Step 2: Predict with fine-tuned model¶
Use the saved checkpoint for subsequent predictions on new sequences:
nextflow run main.nf -profile docker,cpu \
--utrlm_input new_sequences.fa \
--utrlm_checkpoint utrlm_finetune/best_model.pt \
--utrlm_task mrl
Fine-tuning parameters¶
| Parameter | Default | Description |
|---|---|---|
--utrlm_finetune_label |
(required) | Column name with target values |
--utrlm_finetune_task |
mrl |
Task type: mrl, te, or el (determines backbone + input length) |
--utrlm_finetune_epochs |
100 |
Training epochs |
--utrlm_finetune_patience |
20 |
Early stopping patience |
--utrlm_finetune_lr |
0.01 |
Learning rate |
--utrlm_finetune_pretrained |
(none) | Optional: initialize from an existing checkpoint |
Technical notes¶
- Uses a custom fork of Facebook's ESM library with RNA-specific alphabet and secondary structure heads.
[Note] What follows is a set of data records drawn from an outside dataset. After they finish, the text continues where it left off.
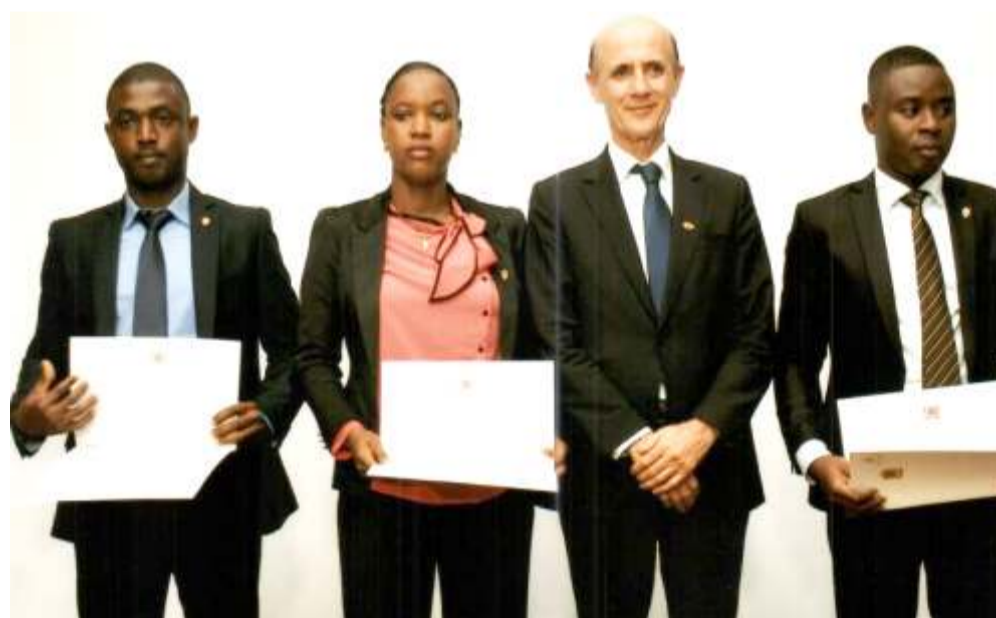
Photo de famille, aux deux extrémités les togolais récipiendaires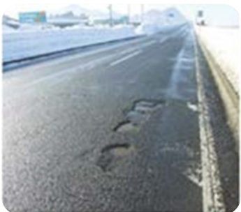
路面の穴ぼこ・ 段差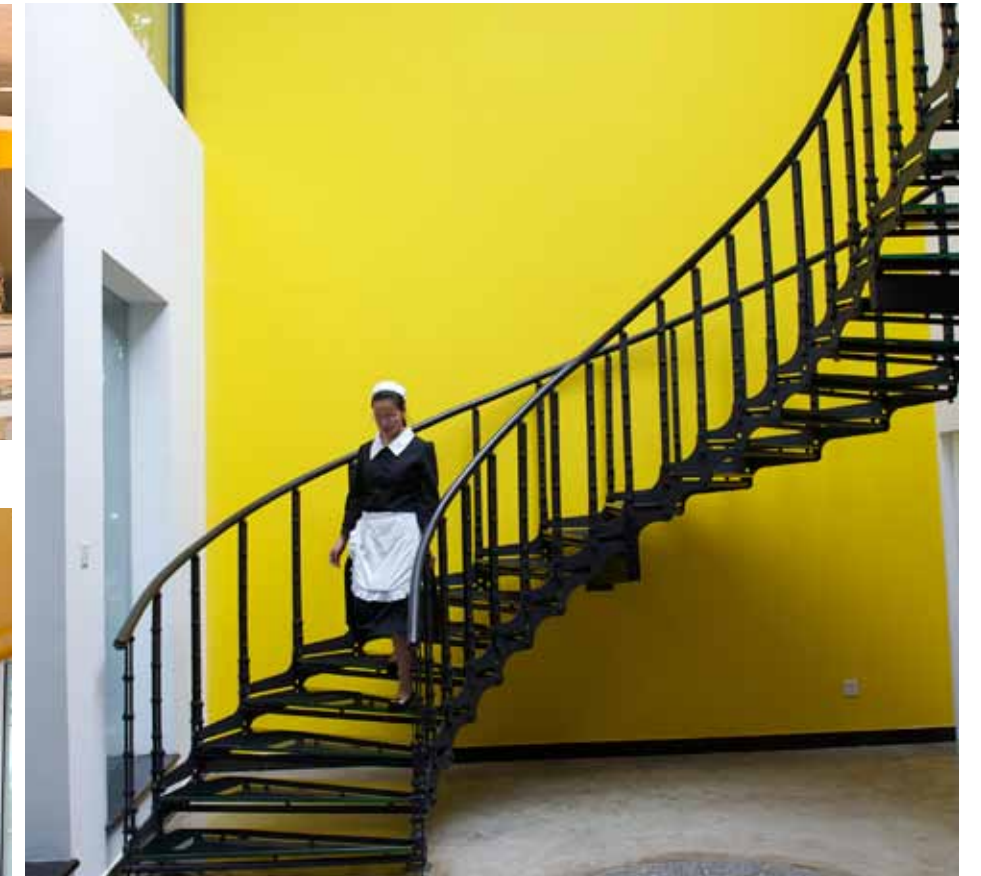
I EN DANSK RESTAURANG I BEIJING FINNS DENNA KNALLGULA VÄGG.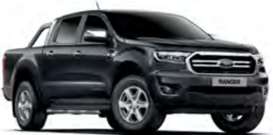
İnci Siyahı Metalik*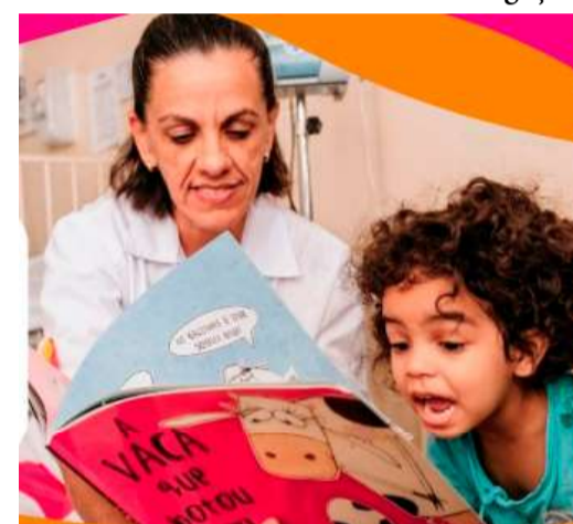
Entidade atua em Marília desde 2007

Valor da publicação: R$ 28,00. Conforme Lei Municipal Nº 2.650, de 30 de março de 2016

- Architecture: 6-layer ESM2 transformer (128-d, 16 heads) + linear classification head.
- Weights are bundled in the upstream repo (~1.1 GB total for all tasks/folds).
- MRL has 1 fold; TE/EL have 10 folds each (use
--folds allfor ensemble averaging). - The model uses the CLS/BOS token embedding for per-sequence prediction.